Лена открыла глаза и улыбнулась.
– Ты знаешь, - сказала она, - я видела сон…
– Знаю, - подтвердил я, - это был хороший сон.
– Ты подглядывал?!
– Прости, это получилось случайно. Я могу пообещать, что больше не буду, но я не хотел это обещать. Я бы предпочел, чтобы у нас не было тайн друг от друга. Между нами больше ничего не стоит, и… Черт возьми! К чему слова? Ты же прекрасно видишь, что я чувствую!
– Вижу, - согласилась Лена и потянулась, как молодая и обаятельная кошка.
– Но слышать гораздо приятнее, чем видеть.
Я провел рукой по ее телу, наши губы встретились, а потом мы растворились друг в друге и я понял, почему в библии это называется "познать". Мы действительно познали друг друга и то, что случилось, не идет ни в какое сравнение с тем, что было до этого.
А когда все закончилось, я понял, что все и в самом деле закончилось. Приключения подошли к концу, впереди замаячила нормальная размеренная
жизнь, и это хорошо. Особенно в компании Лены.16.

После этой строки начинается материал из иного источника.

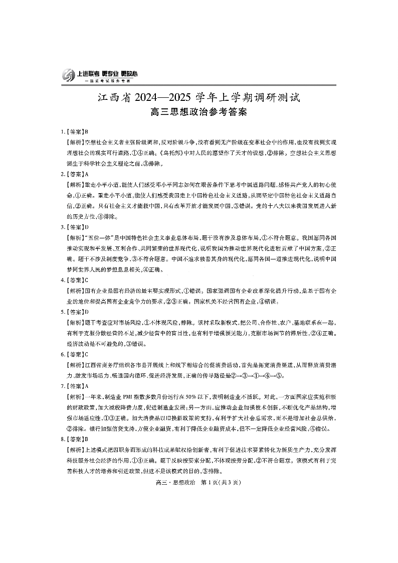 江西省上进联考2024-2025学年高三上学期11月期中调研测试 政治答案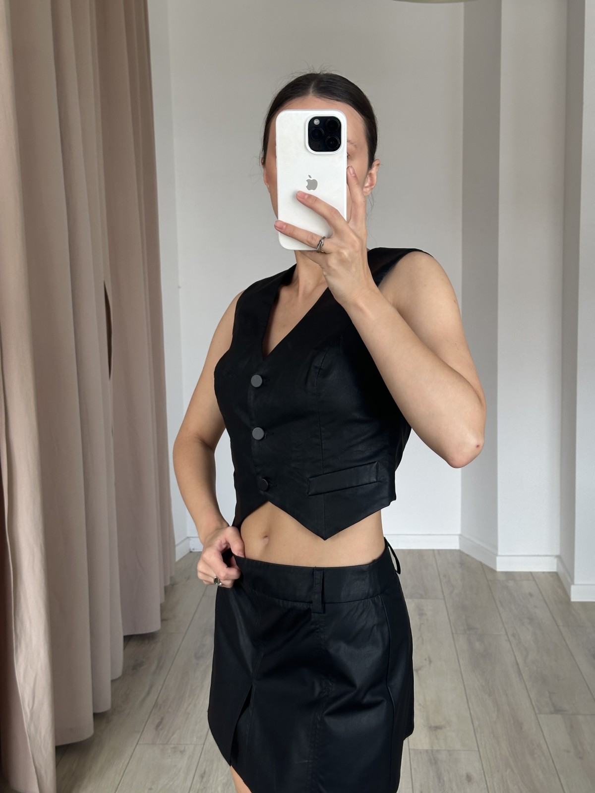Классический жилет черного цвета из эко-кожи. Самостоятельное изделие и элемент костюма с брюками и юбками. Крой прямой, посадка свободная. Специфика кроя: прямой силуэт, геометрический вырез по нижнему краю спереди. Функциональные детали: застежка на пуговицы и декоративные карманы-листочки.

Я сидел на краю пропасти, далеко внизу тонкой лентой извивалась Брахмапутра, а рядом сидел субъект, широко известный в узких кругах под кличкой "четырехглазый". Это был маленький и плюгавый индус, он не носил очки, его кличка имеет совсем другое происхождение. Индусы говорят про очень умного человека, что у него есть третий глаз, так вот у четырехглазого есть не только третий глаз, но и четвертый.
– Вот так ты можешь стать неуязвимым для почти любой магии своего врага, - подытожил свою речь Четырехглазый.
– Обрати внимание на слово "почти", твоя неуязвимость не будет полной, заклинания, связанные с дезинтеграцией пространства, по-прежнему представляют для тебя опасность, и кольца всевластия, которые Тиаммат таскает из своего Средиземья, смогут пробить этот барьер, будучи накоплены в достаточном количестве.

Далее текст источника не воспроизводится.